Another gust of wind gathered in the darkness and the shade sucked back tight against the screen with a snap and the house seemed to grow tense in the rafters. He slipped his fingers along the band of her underwear and lifted it gently.

“I saw the way Meg reached up and touched your face when you were talking on the beach,” Wendy said. “You wanted to touch her back, I mean really touch her, and you stopped yourself by keeping your hand on her cheek. You wanted to go deeper, but consciously you drew a line that you really needed, like my father. You just knew that enough had been spoken, revealed. Now you’re going to leave it alone,” she said.

“What makes you think so?” he said.

“Because I want you to.”

“So I didn’t seem pathetic?” he said.

“Yes,” she said tenderly, pushing against him.

“Yes, I didn’t?”

“Yes, you seemed pathetic,” she said. Another gust gathered, the sudden stillness, a drawing back not only of air but time, too, it seemed, and then after it had gone through, in the stillness, a complete silence. The old lady down the hall had fallen asleep.

It’s impossible for me to think that this entire thing is merely an elaborate form of treatment, he would write in his report.
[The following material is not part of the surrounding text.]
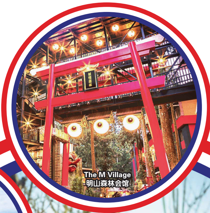
The M Village 明山森林会馆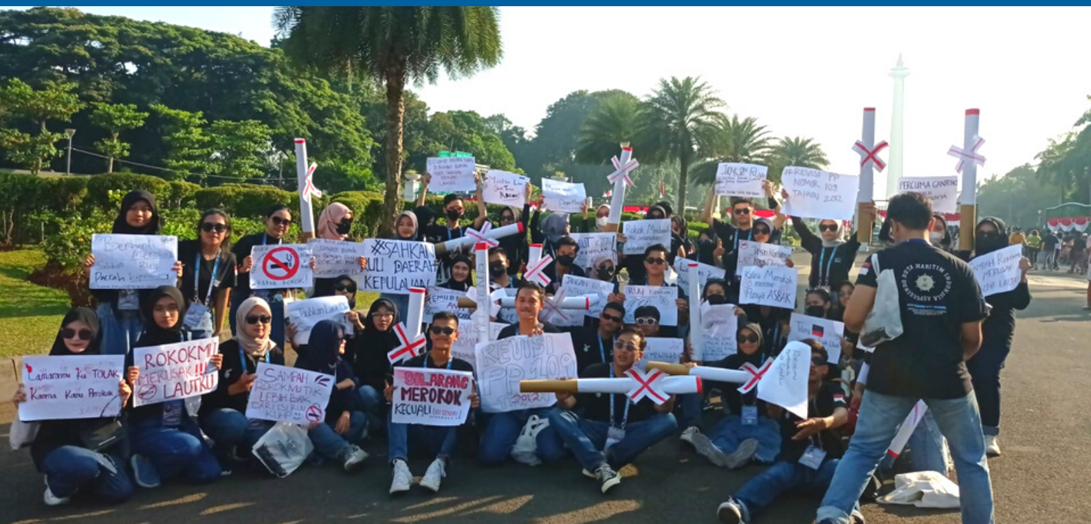
Picture 1: Campaign for stronger tobacco control in Indonesia, led by young adults.

A TOOL TO MEASURE THE SUSTAINABILITY OF TOBACCO CONTROL PROGRAMS IN CITIES/DISTRICTS OF INDONESIA

And yet the implausibility of the conspiracy is precisely what makes it plausible. To be AWOL but, in a deeper sense, not AWOL at all … Was the intention that I terminate Rake, or that, by confronting him, I effect the cure that the Corps had failed to effect with him? Or was this only about me? That I was supposed to go to Rake and, before killing him, get filled in on what really happened over there, to learn about my experience in Vietnam from the horse’s mouth? But the horse was dead.